Defense as the New Offense: Analyzing Ferrer and Djokovic
By Evan Valeri
While Berdych didn’t have what it took to defeat the world number one in their quarterfinal matchup, he played well. It was right along the lines of some of the other matches the two have played over the course of the past two seasons. Berdych seems to squeak a set out of him every now and then sandwiched between a couple lopsided whoopings. Tomas wasn’t able to capitalize on a few keys to winning the match. He needed to keep points short and win a majority of the rallies that lasted between four and nine shots. Tomas was unable to complete this task with Novak winning 60% of those points. Tomas also needed to serve well and win most of his first serve points. This was also a bust with him winning just 66% against the best returner in the game.
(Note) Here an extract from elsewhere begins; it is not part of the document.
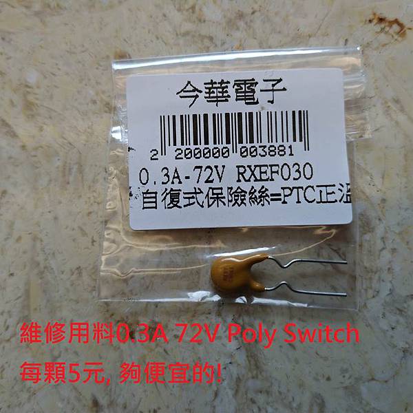 讓這個零件的金屬腳露出來,用個電夾把這個Poly Switch的兩腳短路,接下來串上電流表,再依車上接線的方式接好來做測試,測試的結果是照後鏡的動作可以到定位了,但是到定位之後馬達的電流不會切斷,這個狀況證實了那個poly switch 應該確定是損壞了,所以只要找到料應該就可以救回這兩個電折後視鏡,所以今天一早就到光華商場去找料,問了兩三家,終於在今華電子找到這個料,價格不高,我們要用的這個每顆五元,料件有了,就要來更換,

It’s tough to play your best tennis and capitalize on the key points every time when you are playing the best in the world. Even though Djokovic was coming off a five hour marathon match with Stan Wawrinka, he looked fresh and fitter than ever. For the number six ranked Berdych to win sets more consistently against the top players, he needs to become a more complete player. It’s possible for him to elevate his game and play top tier tennis, hitting big winners against these players for a set, but to do it for three is another story. He lacks the ability to play grinding, retrieving, defensive tennis, which the top five players in the world are able to do.
A player’s ability to run down ball after ball has become a must. Look at the Ferrer vs. Almagro quarterfinal a few days ago. Almagro was able to play at a very high level the first four sets, but after the fourth set ended and the two players were past the three hour mark on court, he looked weary. He wasn’t hitting his shots with the same zip they had early in the match and he was moving as though he had glue on the bottom of his shoes. Ferrer on the other hand, who is considered to possibly be the fittest man on tour by his peers, looked fresh as a daisy as though the two players were just starting the second set. Because of his superior fitness, Ferrer cruised to a 6-2 win of the fifth set, and won the match after clawing back from two sets to love down.
The Djokovic vs. Ferrer semifinal matchup tonight at the Australian Open will show any casual fan the importance of being fit and being able to stay in the point. These two are masters of pulling out points after it appears their opponent has won the point two or three different times. They are bound to trade blows for at least four sets and several hours. Fitness most likely won’t be an issue tonight with these two. They have proven they can both play at the highest level for over five hours. The match will feature many points where these guys are moving each other side to side behind the baseline, waiting for that carefully calculated, high percentage chance to be aggressive and finish the point.
While tennis seems to be following the “defense wins championships” trend, it takes more than just running down ball after ball and staying consistent to be the best. Players need to be able to combine that with the ability to play aggressive, point ending, all court tennis when the opportunities present themselves. If players can’t master the transition ball and they just counterpunch every shot, eventually they will get too far out of position and the opponent will seize that moment to change the tides and win the point. If you look at the five best players in the world, they are able to play defense better than anyone and transition that defense to offense at the drop of a hat.
The fitness of modern players has changed the game of tennis. Tennis used to be a game dominated by the serve and volley, but with the introduction of more powerful racquets, the change to more western grips, and polyester strings, the trend has favored the hard hitting baseline player. During the serve and volley era, points were short and although the top players were in good shape, fitness wasn’t a priority like it is to athletes today. With the amount of topspin players are putting on the ball in today’s game, they are able to swing more powerfully while staying consistent. If players aren’t able to run down ball after ball to stay in points they are going to lose every match. The open stance has also grown in popularity and is hit on both the forehand and backhand wings. It allows players to generate loads of angular momentum and apply tons of spin and pace to each shot, while also recovering quicker towards the center. As time goes on we are seeing courts get slower, which also encourages defensive play and long rallies. Players have advanced from quick serve and volley points to grinding 20 plus shot rallies and five hour matches.
Combine all of this together and it is easy to see that defense is the new offense.